United States Constitution

PREAMBLE : We the People of the United States, in Order to form a more perfect Union, establish Justice, insure domestic Tranquility, provide for the common defence, promote the general Welfare, and secure the Blessings of Liberty to ourselves and our Posterity, do ordain and establish this Constitution



First Amendment: Freedom of the Press Access

Judicial Proceedings Important Cases
The Court’s current position is that denying the public access to court room proceedings violates the First Amendment. This was not always the case – in the 1979 case Gannett Co. v. DePasquale, the Court held that pre-trial hearings dealing with suppressing a defendant’s confession could properly be closed to the public and the press. The defendant’s in the trial argued that publicity before the proceedings had jeopardized their right to a fair trial under the 6th and 14th Amendments. The Court agreed, stating that although the 6th Amendment guaranteed a defendant a public trial, it did not necessarily guarantee the public a right to the trial. A trial transcript was still provided afterwards and the Court determined this satisfied the First Amendment.

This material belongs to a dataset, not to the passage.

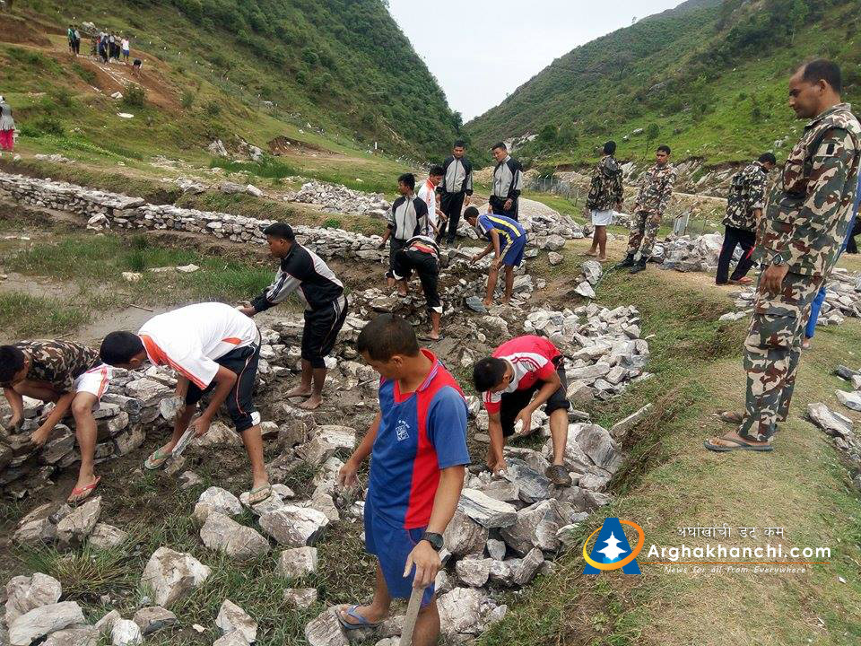 पछिल्लो समयमा अर्घाखाँचीको वाङ्ला स्थित मियालपोखरीमा बन्न लागेका पोखरी लगायत विभिन्न सामुदायिक कार्यमा नेपाली सेना खटिएका छन् ।

Since Gannett however, the Court has consistently ruled against closing trials to the public. Decided only a year after Gannett, Richmond Newspapers v. Virginia held that the public and press had a First Amendment right of access to court proceedings. The trial in question in this case had been reversed once and declared a mistrial twice – for the fourth time, the lower court ordered the proceedings to be closed. The plurality opinion rested heavily on the long history of open and public trials, and warned that changing this could damage the First Amendment. The concurring opinion stressed that public access to trials increased fairness and informed the public on the judicial branch of government.

This right of access under the First Amendment also applies to certain pre-trial proceedings. In Press-Enterprise Co. v. Superior Court, the Court held that the public had a First Amendment right of access to voir dire proceedings. The Court emphasized that this was a crucial portion of a trial, and that in court proceedings there was a strong presumption of openness. To overcome this presumption, an overriding interest must be given based on findings, and it must be narrowly tailored. One example of this would be in a voir dire proceeding where potential jurors may have to reveal sensitive information about themselves.

When the press has tried to argue for specific right of access just for the press however, they have largely been rebuffed by the Court. In Seattle Times Co. v. Rhinehart, the Court held that the press did not have any right of access to pre-trial discovery that was under a protective order. The Court specifically said the press would not be allowed access because the general public would not be allowed access. This same reasoning was applied to the press’ attempts to gain special access to prisoners to interview prisoners. In Saxbe v. Washington Post Co., the Court held that the press was not given “special access to information not shared by members of the public generally.”

Gannet Co., Inc. v. DePasquale (1979)

Richmond Newspapers v. Virginia (1980)

Right of Reply in Media Important Cases
Another question of access involves the right of access to the press itself. Should press outlets be required to provide an opportunity for opposing views or a right of reply? This policy used to be codified in the FCC’s “fairness doctrine”, which dictated that broadcast stations must present balanced discussions on public issues, including a right of reply when the honesty or character of an individual is attacked. Although the FCC eventually revoked this doctrine on its own, the Supreme Court upheld it as constitutional. However, this right of access – the right to be provided an opportunity to respond or present the opposing side – the Court expressly chose not to extend to print media.

In the 1969 decision Red Lion Broadcasting Co. v FCC, the Court considered the constitutionality of the fairness doctrine. The Court examined the legislative history of the FCC and the doctrine, and determined that the commission was following the intent of the law and had not exceeded its authority. Focusing on the nature of broadcast radio and television stations, the Court noted that the available number of broadcast channels was limited – justifying government regulation of who could use them. The Court reasoned that the rights of the public, rather than the rights of the broadcaster, were more important when the broadcaster was using such a limited public resource. Therefore the First Amendment did not provide a censorship right to broadcasters using this limited resource. Furthermore, as regulators of the broadcasts, the FCC was in a position to guard against any broadcasters who refused to discuss controversial decisions in trying to avoid the fairness doctrine.

Despite being upheld by the Supreme Court, the fairness doctrine was vehemently opposed by the Reagan administration and was eventually revoked. The ideas behind this doctrine were also found not to apply to print media. Decided five years after Red Lion, Miami Herald v. Tornillo dealt with the right of reply in newspapers. A Florida law required that any political candidate whose character had been attacked must be provided space to reply in the paper that attacked them. The Court struck this down as unconstitutional, stating that this punishes newspapers due to the cost of printing and the necessary exclusion of content that otherwise would have taken that reply’s place. This also interfered with the First Amendment because it intruded on the editorial powers of a newspaper. Although not specifically mentioned, the distinction between Red Lion and Tonillo seems to be the limited nature of broadcast frequencies and channels compared to print media.